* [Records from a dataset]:

Start of Block

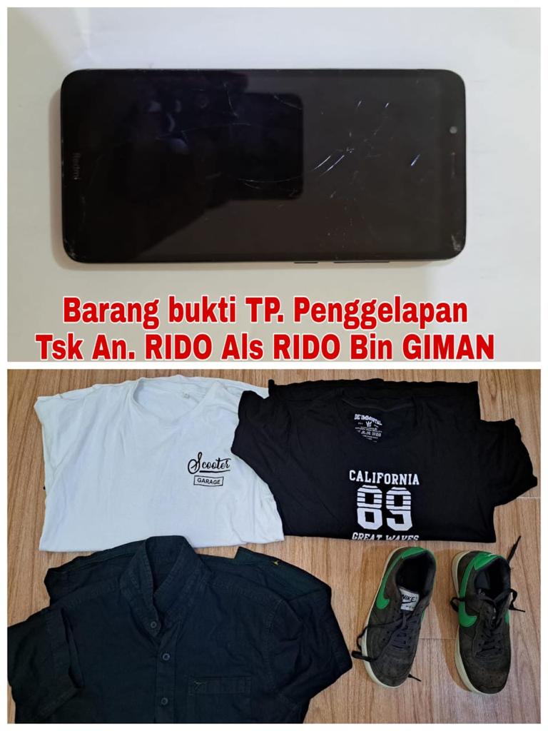 RD alias Rido, dibekuk petugas setelah dilaporkan korban Rainal Rais (27 tahun) alamat Jln Pahlawan Kelurahan Bagan Hulu Kecamatan Bangko, karena tidak mengembalikan uang yang pernah ditransfer dari kios phonesellnya yang terletak di Jln Perniagaan Kelurahan Bagan Kota Kec. Bangko Kab. Rokan Hilir. Minggu 16 April 2023. Pukul 11.00 WIB. Sehingga mengalami kerugian sebesar Rp 17.750.000,-.
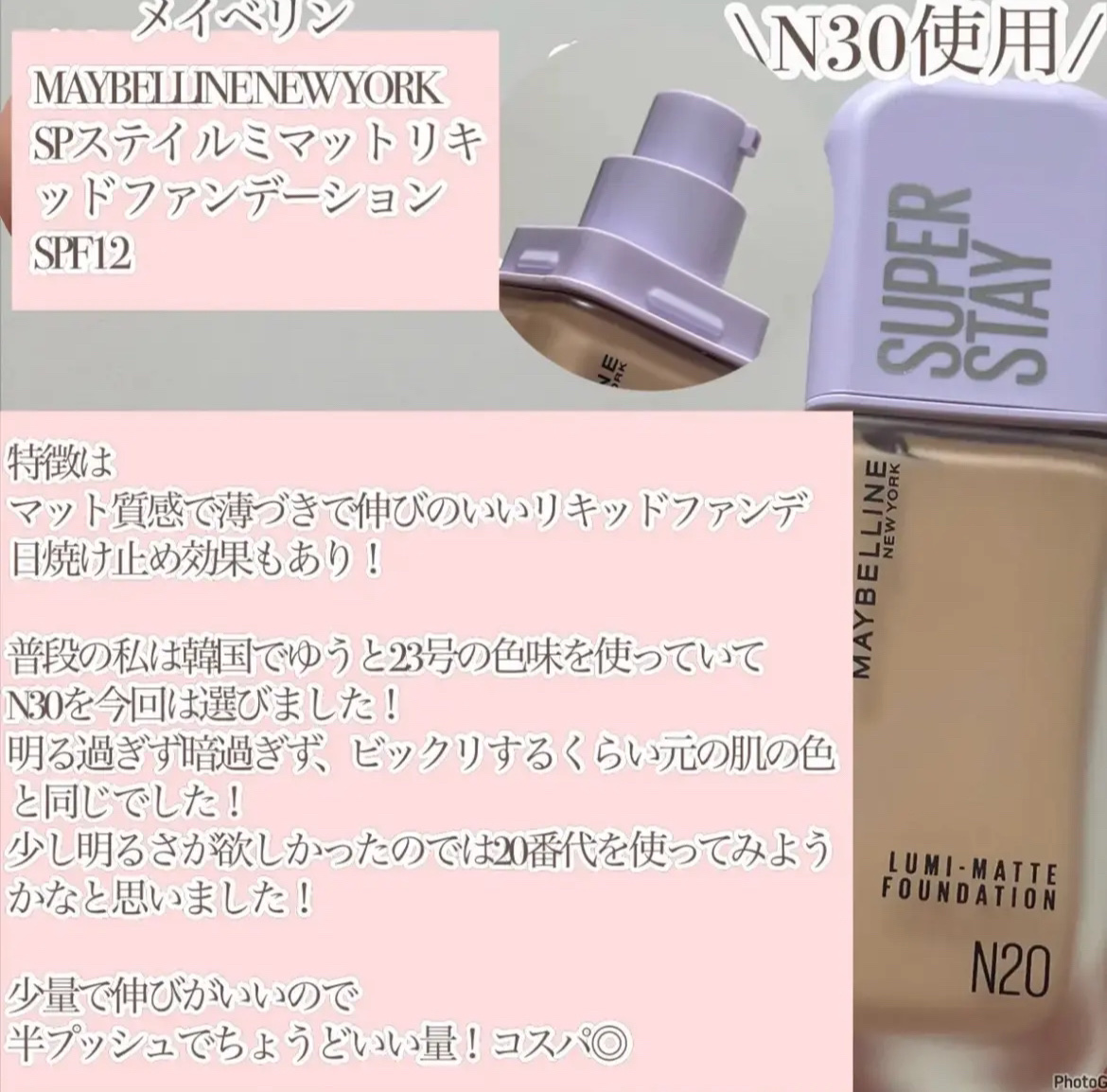 MAYBELLINENEWYORKSPステイルミマットリキッドファンデーションN20プレゼント企画よりいただきました。カバー力とのびは申し分ないです!既にC20、色違いを持ってまして、N20は少し黄身が強いな〜と思いました。#PR#メイベリン...
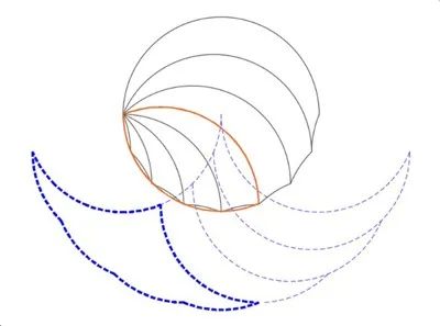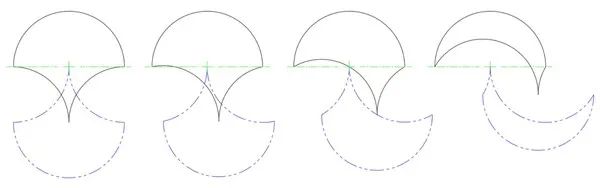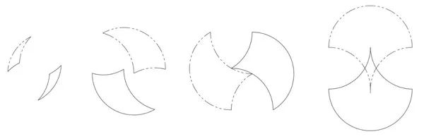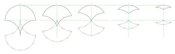 鏡片是一種最簡單的幾何形狀,它由兩條相同的弧線拼接而成,假設弧線的半徑為 1 ,鏡片就可以簡單得用弧的角度來描述。在弧線上取一點,將弧線分成兩部分,然後每部分都可以製作一個鏡片,從大的鏡片裏面減去兩個小的鏡片,就會得到一個不同尋常的三曲線的形狀。
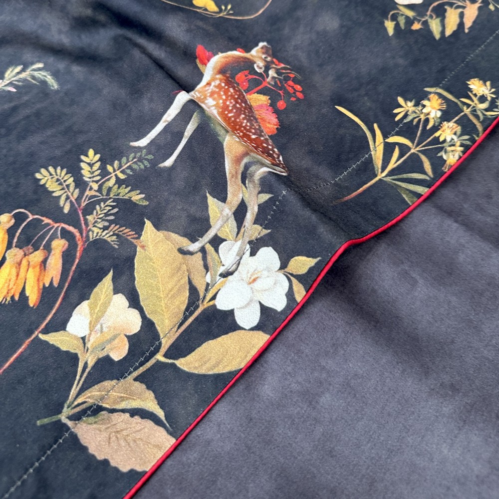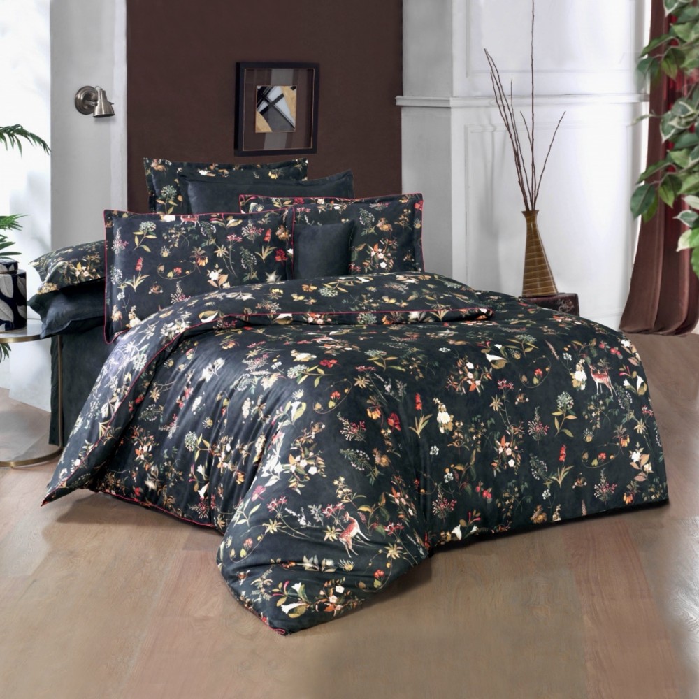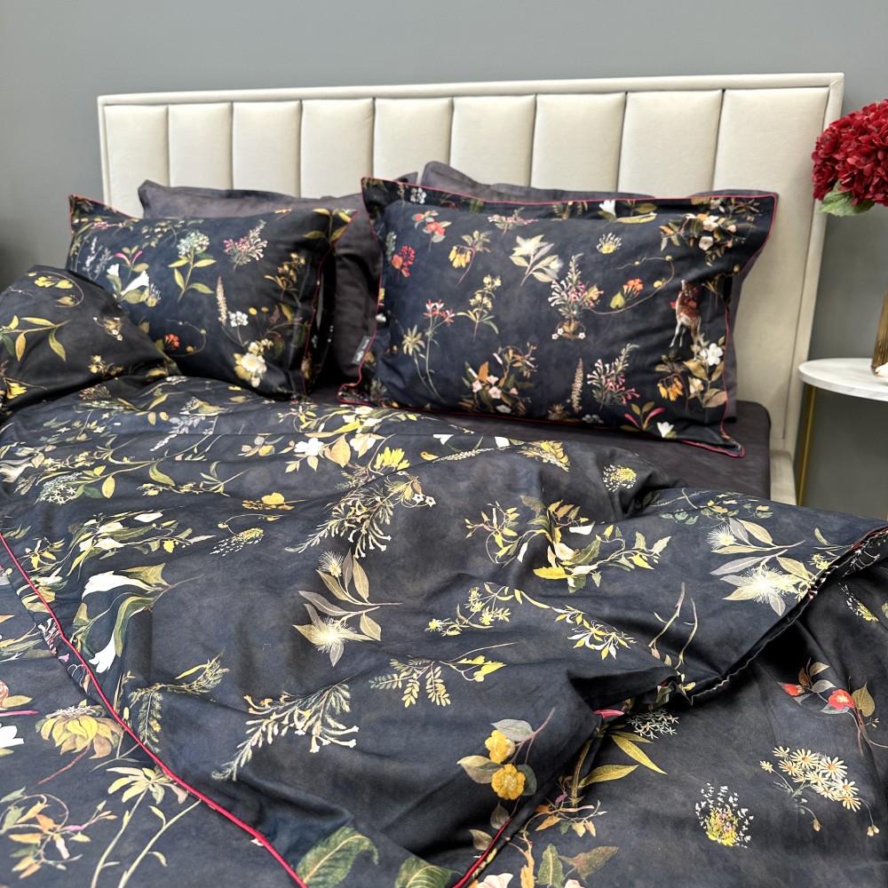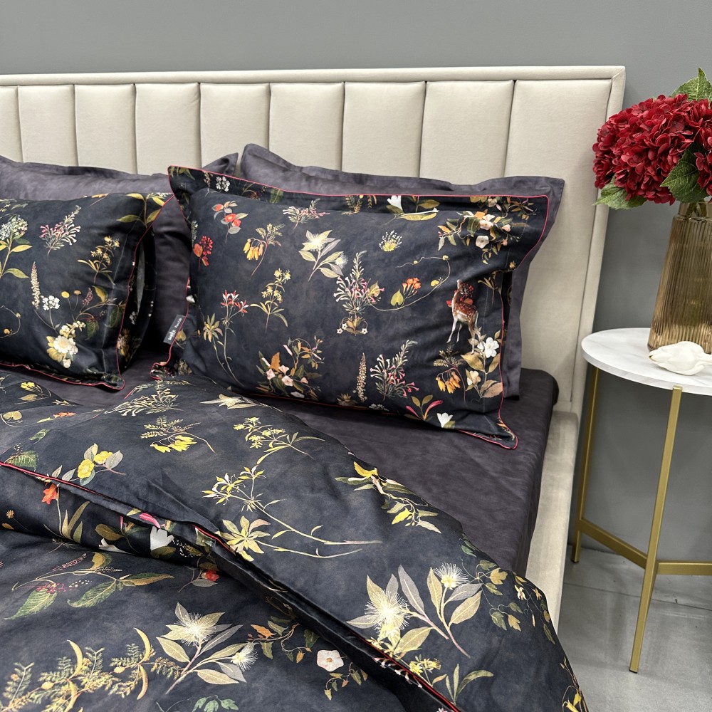 Постельное белье «Jenny» создает невероятную атмосферу диковинного туманного леса золотой осенью. Основной оттенок комплекта - темный антрацит. Принт сделан так, будто по ткани клубится золотистый туман. Благодаря этому эффекту ткань кажется еще более блестящей, переливающейся на свету. В дизайне использованы три дополняющих друг друга принта. Основная ткань украшена изящными цветами - тут и фрезии, и вьюнки, и акция, и липовый цвет, и северные верески, и ягоды калины, среди которых притаились шикарные пятнистые олени. В рисунке использованы золотистые и красные акценты. Вторая ткань украшена такими же цветами и растениями, но рисунок выдержан в золотистых тонах. И третья ткань-компаньон чуть светлее, уходит в антарцитово-лиловый тон. Она без рисунка.
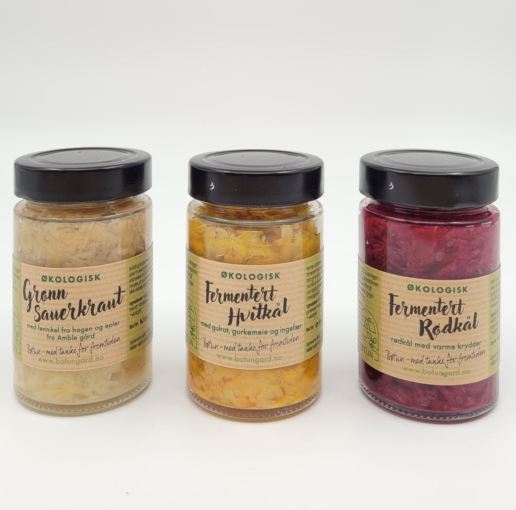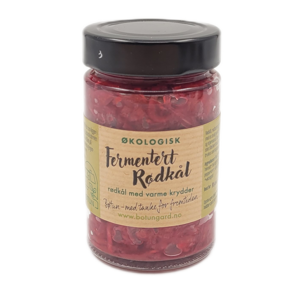 Fermentert rødkål er laget med en smakfull blanding av rødkål, rødbeter og rødløk fra hagen. Disse er nøye fermentert med et utvalg av varme krydder som nellik, kanel og stjerneanis, som gir en kompleks og aromatisk dybde til kålen. Denne fermenterte rødkålen er perfekt som et smakfullt tilbehør til svinekjøtt, kan tilføre ekstra liv til salater, eller brukes som en krydret topping og pålegg på brødskiven.

End of Block

* [WORK INSTRUCTION]: With the pictures omitted, restate every entry above word for word.

* [ANSWER TO THE PROBLEM]:
 RD alias Rido, dibekuk petugas setelah dilaporkan korban Rainal Rais (27 tahun) alamat Jln Pahlawan Kelurahan Bagan Hulu Kecamatan Bangko, karena tidak mengembalikan uang yang pernah ditransfer dari kios phonesellnya yang terletak di Jln Perniagaan Kelurahan Bagan Kota Kec. Bangko Kab. Rokan Hilir. Minggu 16 April 2023. Pukul 11.00 WIB. Sehingga mengalami kerugian sebesar Rp 17.750.000,-.
 MAYBELLINENEWYORKSPステイルミマットリキッドファンデーションN20プレゼント企画よりいただきました。カバー力とのびは申し分ないです!既にC20、色違いを持ってまして、N20は少し黄身が強いな〜と思いました。#PR#メイベリン...
 鏡片是一種最簡單的幾何形狀,它由兩條相同的弧線拼接而成,假設弧線的半徑為 1 ,鏡片就可以簡單得用弧的角度來描述。在弧線上取一點,將弧線分成兩部分,然後每部分都可以製作一個鏡片,從大的鏡片裏面減去兩個小的鏡片,就會得到一個不同尋常的三曲線的形狀。
 Постельное белье «Jenny» создает невероятную атмосферу диковинного туманного леса золотой осенью. Основной оттенок комплекта - темный антрацит. Принт сделан так, будто по ткани клубится золотистый туман. Благодаря этому эффекту ткань кажется еще более блестящей, переливающейся на свету. В дизайне использованы три дополняющих друг друга принта. Основная ткань украшена изящными цветами - тут и фрезии, и вьюнки, и акция, и липовый цвет, и северные верески, и ягоды калины, среди которых притаились шикарные пятнистые олени. В рисунке использованы золотистые и красные акценты. Вторая ткань украшена такими же цветами и растениями, но рисунок выдержан в золотистых тонах. И третья ткань-компаньон чуть светлее, уходит в антарцитово-лиловый тон. Она без рисунка.
 Fermentert rødkål er laget med en smakfull blanding av rødkål, rødbeter og rødløk fra hagen. Disse er nøye fermentert med et utvalg av varme krydder som nellik, kanel og stjerneanis, som gir en kompleks og aromatisk dybde til kålen. Denne fermenterte rødkålen er perfekt som et smakfullt tilbehør til svinekjøtt, kan tilføre ekstra liv til salater, eller brukes som en krydret topping og pålegg på brødskiven.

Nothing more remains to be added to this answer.